Semantic Image Synthesis with SPADE

Synthesizing and manipulating 2048x1024 images with conditional GANs

2,517

Learning Chinese Character style with conditional GAN

Quick Overview

The junyanz/pytorch-CycleGAN-and-pix2pix repository is a PyTorch implementation of image-to-image translation models, specifically CycleGAN and pix2pix. These models can be used for various tasks such as style transfer, object transfiguration, season transfer, and photo enhancement.
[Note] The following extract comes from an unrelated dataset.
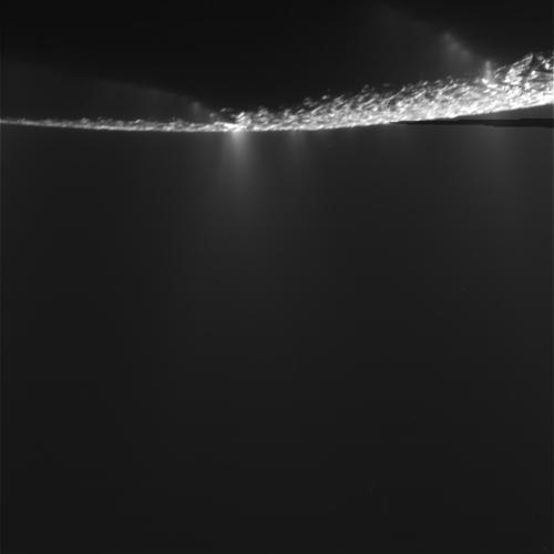 Raw images are already being returned from Cassini's Nov. 21 "E-8" or eighth flyby of the tiger-striped moon Enceladus. Visible in this raw image are several plumes from fissures in the south polar region of the moon. These fissures spew jets of water vapor and other particles hundreds of kilometers from the surface. This flyby included a very different geometry to the flyby trajectory – and a different look at the plumes --- approaching within 1,606 kilometers (997.9 miles) of the surface, buzzing over 82 degrees south latitude. This is the last look we'll have for several years at this intriguing area of Enceladus before winter darkness blankets the area. See below for looks at Baghdad Sulcus, the "tiger stripe" that scientists were focusing on.

The repository provides a comprehensive framework for training and testing these models on custom datasets.

Pros

  • Implements both CycleGAN (unpaired image translation) and pix2pix (paired image translation) in a single repository
  • Provides pre-trained models for various tasks, making it easy to get started with image translation
  • Includes detailed documentation and examples for training, testing, and using the models
  • Supports custom datasets and various data preprocessing options

Cons

  • Requires significant computational resources for training, especially for high-resolution images
  • May produce artifacts or unrealistic results in some cases, particularly with complex transformations
  • Limited to 2D image-to-image translation tasks, not suitable for other types of data or 3D applications
  • Requires some understanding of deep learning and GANs to effectively use and modify the models

Code Examples

  1. Loading a pre-trained CycleGAN model:
from models import create_model
from options.test_options import TestOptions

opt = TestOptions().parse()
model = create_model(opt)
model.setup(opt)
  1. Translating an image using CycleGAN:
from util.util import tensor2im
import torchvision.transforms as transforms
from PIL import Image

transform = transforms.Compose([
    transforms.Resize((256, 256)),
    transforms.ToTensor(),
    transforms.Normalize((0.5, 0.5, 0.5), (0.5, 0.5, 0.5))
])

img = Image.open('input.jpg')
input_tensor = transform(img).unsqueeze(0)
output = model.netG_A(input_tensor)
output_image = tensor2im(output)
output_image.save('output.jpg')
  1. Training a pix2pix model:
from options.train_options import TrainOptions
from data import create_dataset
from models import create_model

opt = TrainOptions().parse()
dataset = create_dataset(opt)
model = create_model(opt)
model.setup(opt)

for epoch in range(opt.epoch_count, opt.n_epochs + opt.n_epochs_decay + 1):
    for i, data in enumerate(dataset):
        model.set_input(data)
        model.optimize_parameters()

Getting Started

  1. Clone the repository:
git clone https://github.com/junyanz/pytorch-CycleGAN-and-pix2pix
cd pytorch-CycleGAN-and-pix2pix
  1. Install dependencies:
pip install -r requirements.txt
  1. Download a pre-trained model:
bash ./scripts/download_cyclegan_model.sh horse2zebra
  1. Test the model:
python test.py --dataroot ./datasets/horse2zebra/testA --name horse2zebra_pretrained --model test --no_dropout

Competitor Comparisons

10,072

Image-to-image translation with conditional adversarial nets

Pros of pix2pix

  • Original implementation of the pix2pix algorithm
  • Simpler codebase, easier to understand for beginners
  • Includes pre-trained models for quick testing

Cons of pix2pix

  • Implemented in Torch, which has a smaller community compared to PyTorch
  • Limited to pix2pix only, doesn't include CycleGAN or other related models
  • Less actively maintained, with fewer recent updates

Code Comparison

pix2pix (Torch):

local ndf = opt.ndf
netD = nn.Sequential()
netD:add(nn.SpatialConvolution(input_nc+output_nc, ndf, 4, 4, 2, 2, 1, 1))
netD:add(nn.LeakyReLU(0.2, true))

pytorch-CycleGAN-and-pix2pix (PyTorch):

def define_D(input_nc, ndf, netD, n_layers_D=3, norm='batch', use_sigmoid=False, init_type='normal', init_gain=0.02, gpu_ids=[]):
    net = None
    norm_layer = get_norm_layer(norm_type=norm)
    net = NLayerDiscriminator(input_nc, ndf, n_layers_D, norm_layer=norm_layer, use_sigmoid=use_sigmoid)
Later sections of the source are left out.